From The Desk of Rajesh Bajaj

 

 

Redesigning economy India!

Now India is moving very safely and announcing unlock step by step! Yes! Even if India is moving to unlock their Covid-19 lockdown, India is very mindful and managing all those measures of social distance, hygiene and sanitization well at all those respited industry & commercial activities! At the resumption, era lockdown has lowered our economic & growth pace! Yet! The government, industry & commerce are endeavoring to rejuvenate Economy India.

Yet! At the time of resumption, we know the global economic scenario, the projection for GDP India, which is not courageous! According to various rating agencies, surveys, and ground reports, export India is facing multiple headwinds! "Since January 2020, Ind-Ra has taken 25 negative rating actions, 13 positive rating actions and revised the rating Outlook down for another 16 issuers meaningfully exposed exports," says Ind-Ra.

As of today's top 10 export destinations, which contribute about 50% volume of our merchandise export basket where gem & jewellery export also has significant share with the rest! The rating agency said, "A prolonged disruption due to Covid-19 could materially impact companies' credit and liquidity profile in some of the export-heavy sector. 

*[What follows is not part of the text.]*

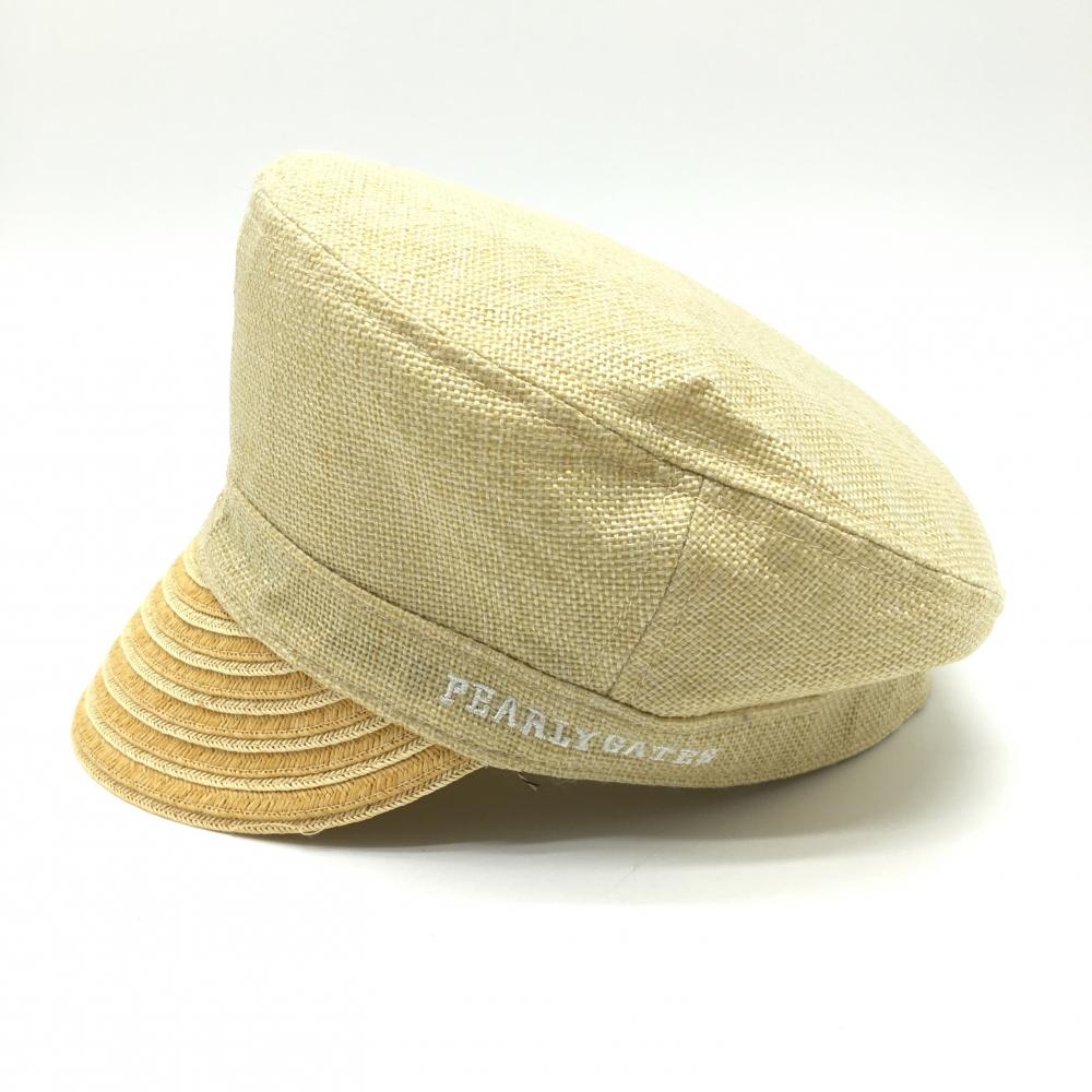 【新品】パーリーゲイツ キャスケット ベージュ×白 ストローハット ロゴ刺しゅう FR ゴルフウェア PEARLY GATES

Overall lockdown of Covid-19 hiked up an additional debt of Rs1.67trillon over the top corporate, private sector borrowers may fail to overcome out of such debt during the FY2021-22. The rating agency says, "This is over and above the Rs2.54 trillion anticipated before pandemic onset, taking the cumulative quantum to Rs4.21 trillion. This constitutes 6.63% of the total debt (previous estimate: 4%). Given that 11.57% of the outstanding debt is already stressed, the proportion of stressed debt is likely to increase to 18.21% of the outstanding quantum." The rating agency expects the corresponding credit cost to be 3.57% of the total debt.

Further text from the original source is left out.